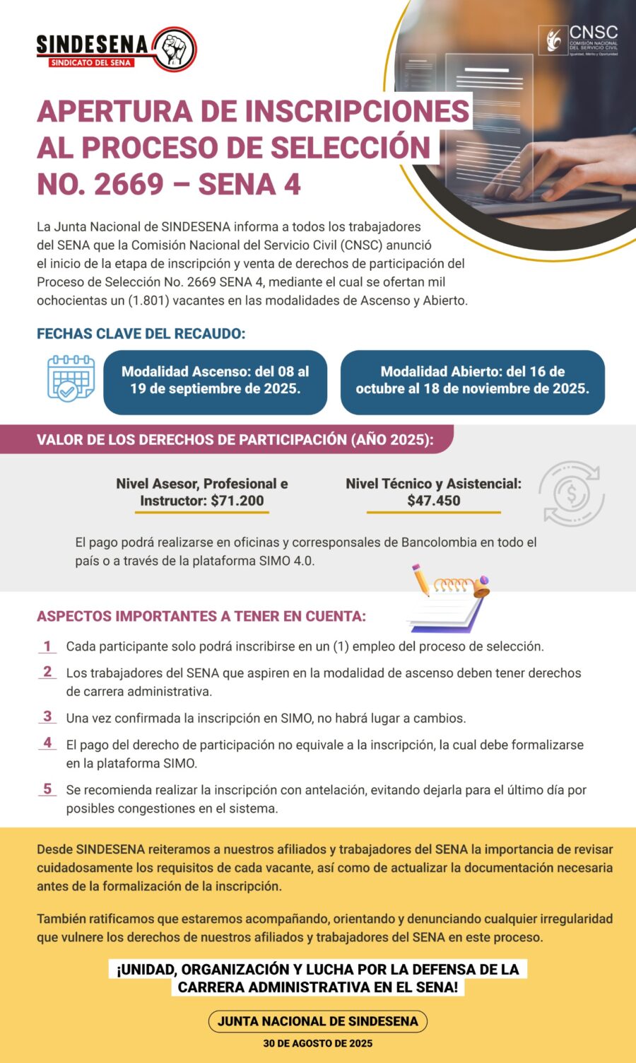 Apertura de inscripciones al proceso de selección N° 2669 - SENA 4
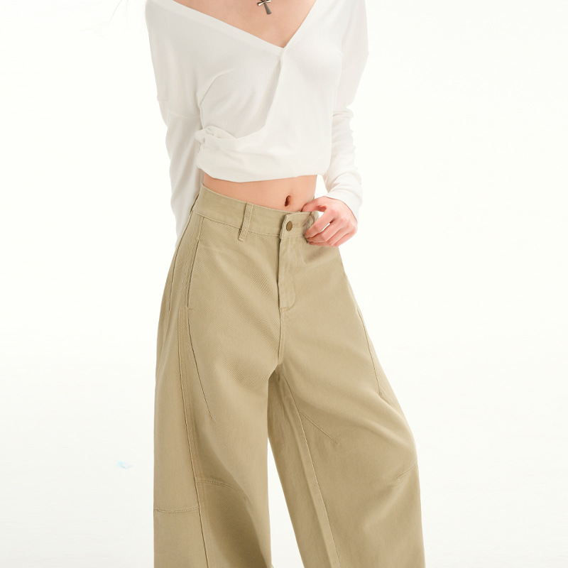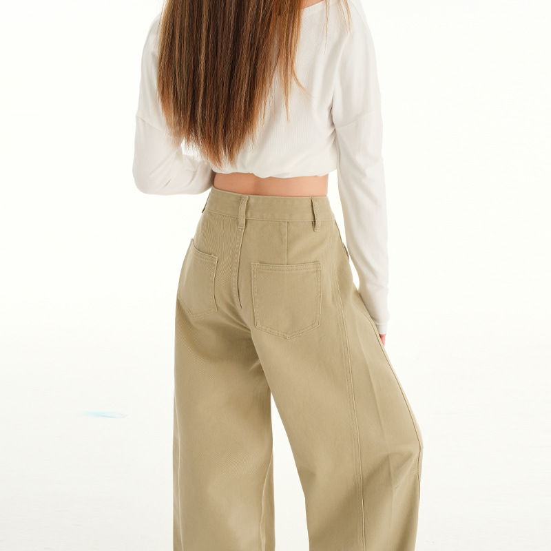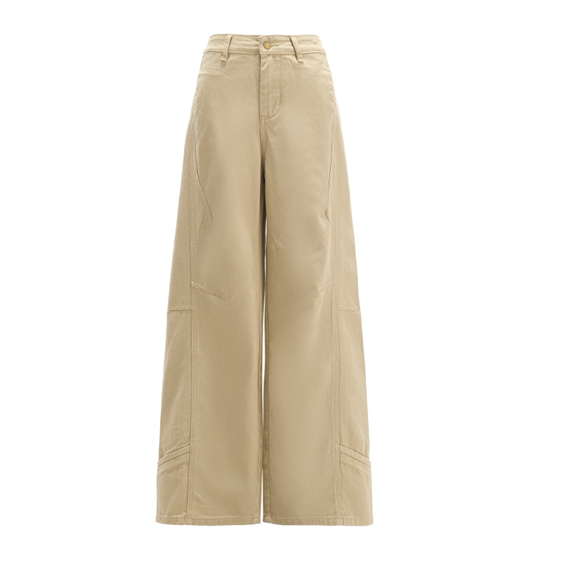 Главная страница > SY7609 новый американский ретро джинсы женский дизайн чувство сшивания цвета хаки свободные широкие ноги прямые брюки
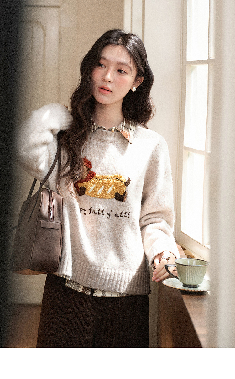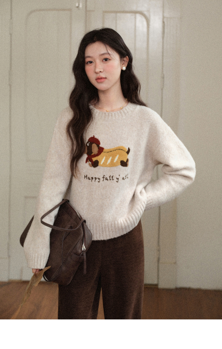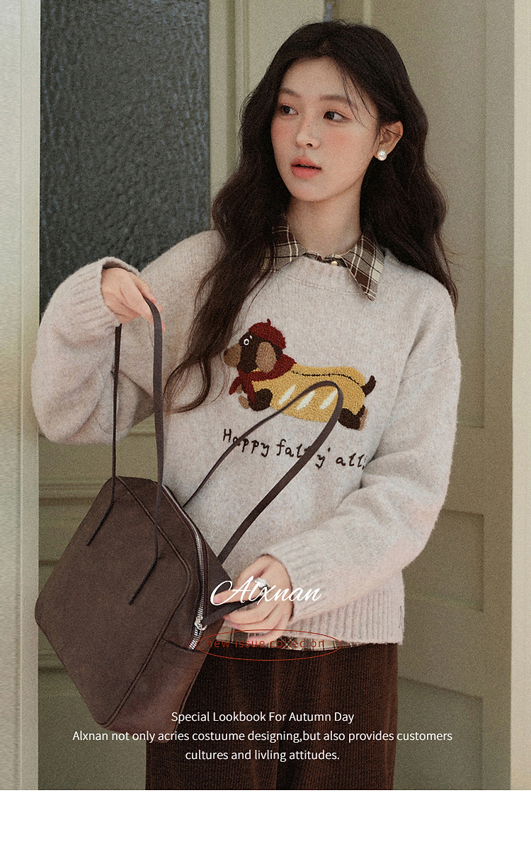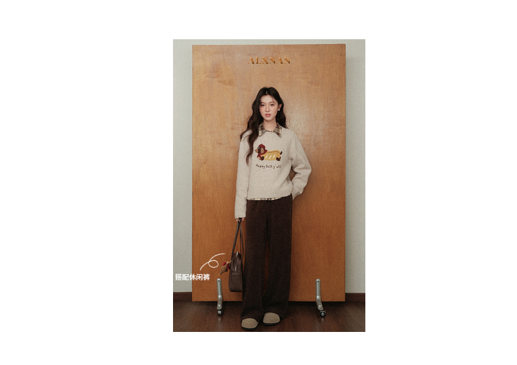 【6折秒杀】鹿向南「森野拼图」燕麦色保暖长袖毛衣秋冬新款简约慵懒风上衣女L58106
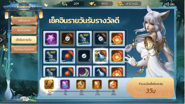 กิจกรรมล็อกอิน 7 วัน รับของรางวัลฟรีทุกวัน! เพียงเข้าเกมแล้วไปที่หัวข้อ “ของขวัญ” และกดลงนาม ก็ได้รับรางวัลไปแบบฟรี ๆ (ขอแนะนำว่า 7 วันแรกห้ามพลาด!) และ กิจกรรมเช็คอิน 30 วัน เพียงเข้าเกมแล้วไปที่หัวข้อ สวัสดิการ > เช็คอินรายวัน ก็สามารถกดรับรางวัลได้ทันที หากวันไหนลืมเข้ามากดรับรางวัล ก็สามารถใช้ไอเทมหยกจิต เพื่อรับรางวัลย้อนหลังได้
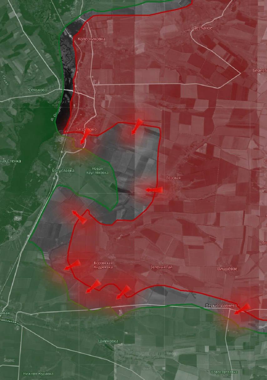 Параллельно с этим российские силы наступают южнее. Некоторое время назад они взяли цепь укреплений на подступах к Новоплатоновке. После этого ВС РФ начали развивать атаки дальше в сторону Оскола по проходящей здесь трубе газопровода, стремясь закрепиться в окрестностях газокомпрессорной станции, что ставит под угрозу коммуникации ВСУ на левом берегу Оскола. ВСУ безуспешно пытаются не позволить российским военным закрепиться на позициях – на данном участке продолжаются ожесточенные бои»
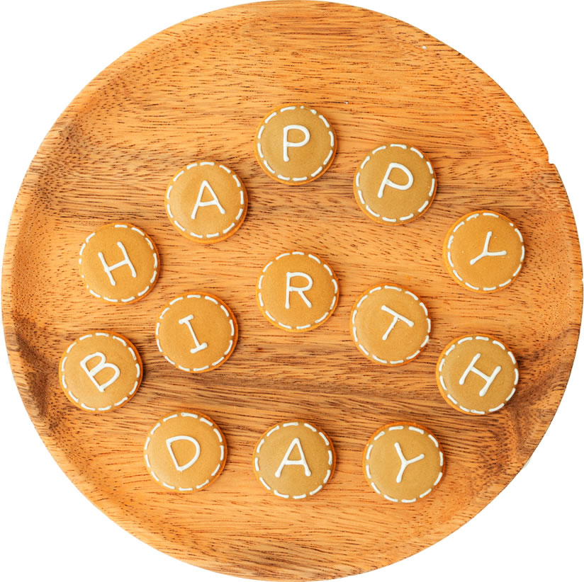 プレゴのケーキには、バースデークッキーをご用意しております。税込2,200円頂戴いたします。
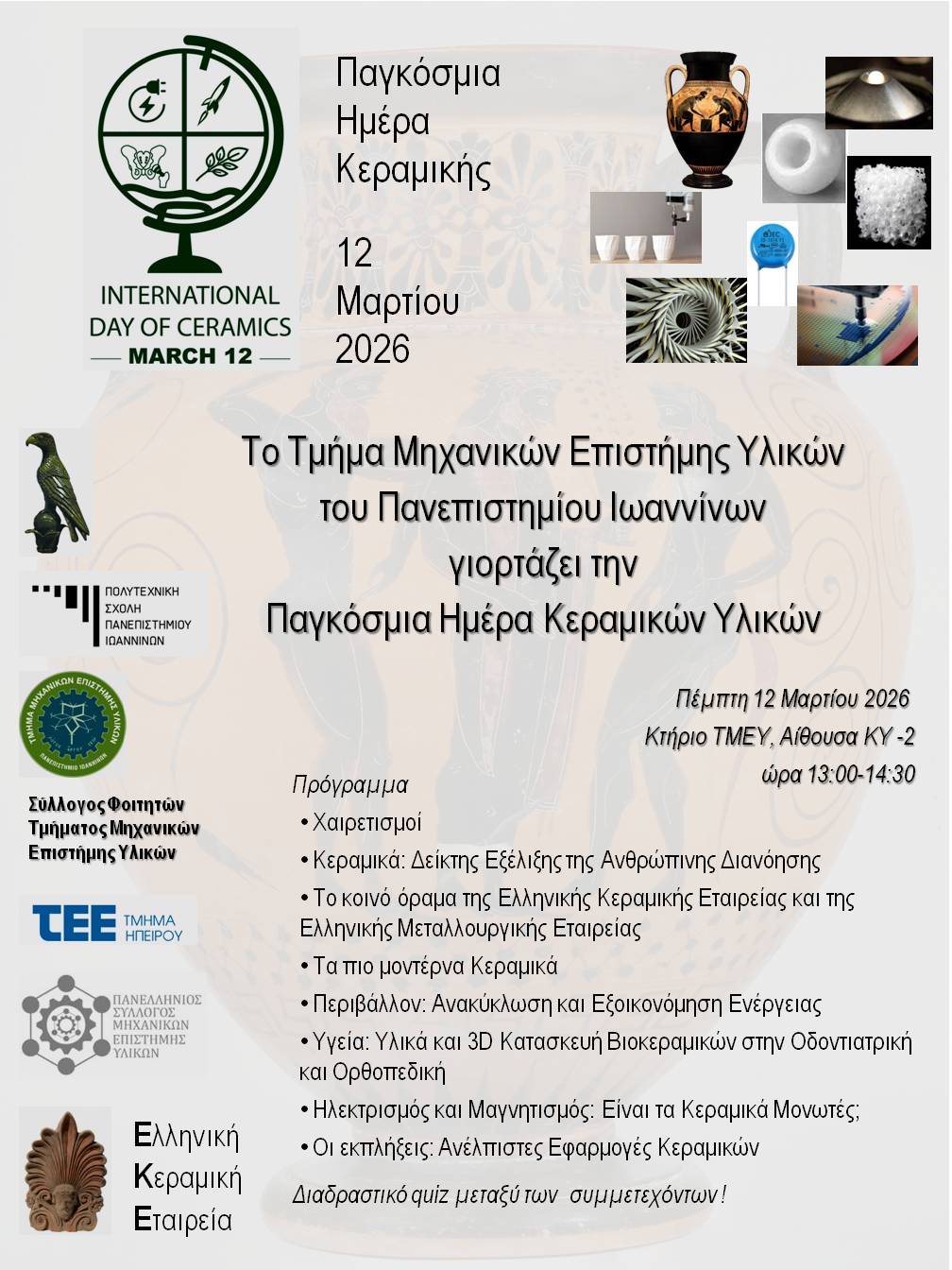 10 Μαρ. 2026Το ΤΜΕΥ, ως το μοναδικό Τμήμα Μηχανικών Επιστήμης Υλικών στη χώρα, διοργανώνει εκδήλωση για να γιορτάσει την Παγκόσμια Ημέρα Κεραμικών, την Πέμπτη 12 Μαρτίου 2026, στην αίθουσα ΚΥ2 μεταξύ 13:00 και 14:30.
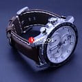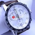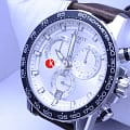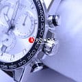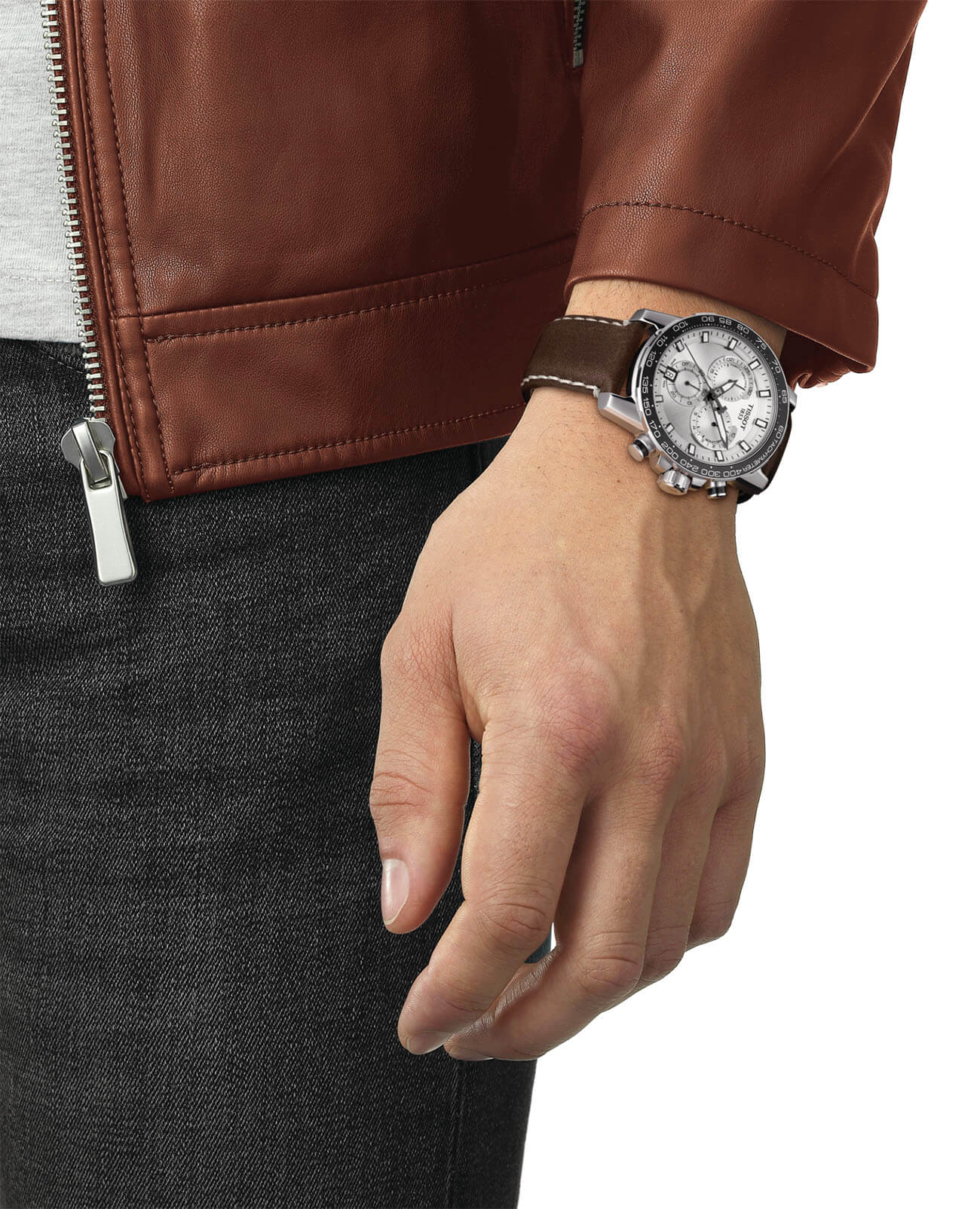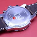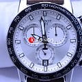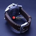 Аксессуар позволит грамотно дополнить образ, гармония холодной серебристой палитры никогда не потеряет актуальности. Наручные часы позволят всегда находиться в центре внимания. Массивный циферблат с крупной индикацией времени, симметричным расположением окошек – важная деталь для делового мужчины, привыкшего всё делать вовремя. Ремешок из тисненой натуральной кожи имеет белую прострочку, вдохновение идет от спортивных моделей. Швейцарский кварцевый механизм ETA G10.212. Сапфировое стекло. Корпус из нержавеющей стали 316L. БезельБезельВнешний ободок, закрепляющий стекло. В спортивных часах так называется поворотное кольцо с делениями на циферблате, выполняет роль таймера – замеряет отрезки времени на шкале. Неподвижный безель – элемент декора. Однонаправленно вращающийся безель на дайверских часах позволяет фиксировать моменты погружения и выныривания на поверхность. размечен шкалой тахиметраТахиметрРазмеченная шкала, располагается на ободке или безеле часов. Тахиметр позволяет рассчитать скорость на определённом участке пути, расстояние измеряется в километрах или милях.. Водонепроницаемость до 10 бар. Люминесцентная подсветкаЛюминесцентное покрытиеПозволяет считывать показания времени в темноте. Производители наносят на стрелки, часовые индексы, безель или поверхность циферблата светонакопительный состав, дающий холодное свечение.. Секундомер, хронографХронографФункция позволяет измерять отрезки времени с особой точностью: часы, минуты, секунды. Верным признаком хронографа является наличие на циферблате 3 дополнительных окошек-счётчиков., индикация числа. Диаметр корпуса: 45,5 мм.

WORK TASK:
What is needed is every line of the data above, set down exactly but with the images left out.

RESULT FOR THIS EXERCISE:
 Apertura de inscripciones al proceso de selección N° 2669 - SENA 4
 Главная страница > SY7609 новый американский ретро джинсы женский дизайн чувство сшивания цвета хаки свободные широкие ноги прямые брюки
 【6折秒杀】鹿向南「森野拼图」燕麦色保暖长袖毛衣秋冬新款简约慵懒风上衣女L58106
 กิจกรรมล็อกอิน 7 วัน รับของรางวัลฟรีทุกวัน! เพียงเข้าเกมแล้วไปที่หัวข้อ “ของขวัญ” และกดลงนาม ก็ได้รับรางวัลไปแบบฟรี ๆ (ขอแนะนำว่า 7 วันแรกห้ามพลาด!) และ กิจกรรมเช็คอิน 30 วัน เพียงเข้าเกมแล้วไปที่หัวข้อ สวัสดิการ > เช็คอินรายวัน ก็สามารถกดรับรางวัลได้ทันที หากวันไหนลืมเข้ามากดรับรางวัล ก็สามารถใช้ไอเทมหยกจิต เพื่อรับรางวัลย้อนหลังได้
 Параллельно с этим российские силы наступают южнее. Некоторое время назад они взяли цепь укреплений на подступах к Новоплатоновке. После этого ВС РФ начали развивать атаки дальше в сторону Оскола по проходящей здесь трубе газопровода, стремясь закрепиться в окрестностях газокомпрессорной станции, что ставит под угрозу коммуникации ВСУ на левом берегу Оскола. ВСУ безуспешно пытаются не позволить российским военным закрепиться на позициях – на данном участке продолжаются ожесточенные бои»
 プレゴのケーキには、バースデークッキーをご用意しております。税込2,200円頂戴いたします。
 10 Μαρ. 2026Το ΤΜΕΥ, ως το μοναδικό Τμήμα Μηχανικών Επιστήμης Υλικών στη χώρα, διοργανώνει εκδήλωση για να γιορτάσει την Παγκόσμια Ημέρα Κεραμικών, την Πέμπτη 12 Μαρτίου 2026, στην αίθουσα ΚΥ2 μεταξύ 13:00 και 14:30.
 Аксессуар позволит грамотно дополнить образ, гармония холодной серебристой палитры никогда не потеряет актуальности. Наручные часы позволят всегда находиться в центре внимания. Массивный циферблат с крупной индикацией времени, симметричным расположением окошек – важная деталь для делового мужчины, привыкшего всё делать вовремя. Ремешок из тисненой натуральной кожи имеет белую прострочку, вдохновение идет от спортивных моделей. Швейцарский кварцевый механизм ETA G10.212. Сапфировое стекло. Корпус из нержавеющей стали 316L. БезельБезельВнешний ободок, закрепляющий стекло. В спортивных часах так называется поворотное кольцо с делениями на циферблате, выполняет роль таймера – замеряет отрезки времени на шкале. Неподвижный безель – элемент декора. Однонаправленно вращающийся безель на дайверских часах позволяет фиксировать моменты погружения и выныривания на поверхность. размечен шкалой тахиметраТахиметрРазмеченная шкала, располагается на ободке или безеле часов. Тахиметр позволяет рассчитать скорость на определённом участке пути, расстояние измеряется в километрах или милях.. Водонепроницаемость до 10 бар. Люминесцентная подсветкаЛюминесцентное покрытиеПозволяет считывать показания времени в темноте. Производители наносят на стрелки, часовые индексы, безель или поверхность циферблата светонакопительный состав, дающий холодное свечение.. Секундомер, хронографХронографФункция позволяет измерять отрезки времени с особой точностью: часы, минуты, секунды. Верным признаком хронографа является наличие на циферблате 3 дополнительных окошек-счётчиков., индикация числа. Диаметр корпуса: 45,5 мм.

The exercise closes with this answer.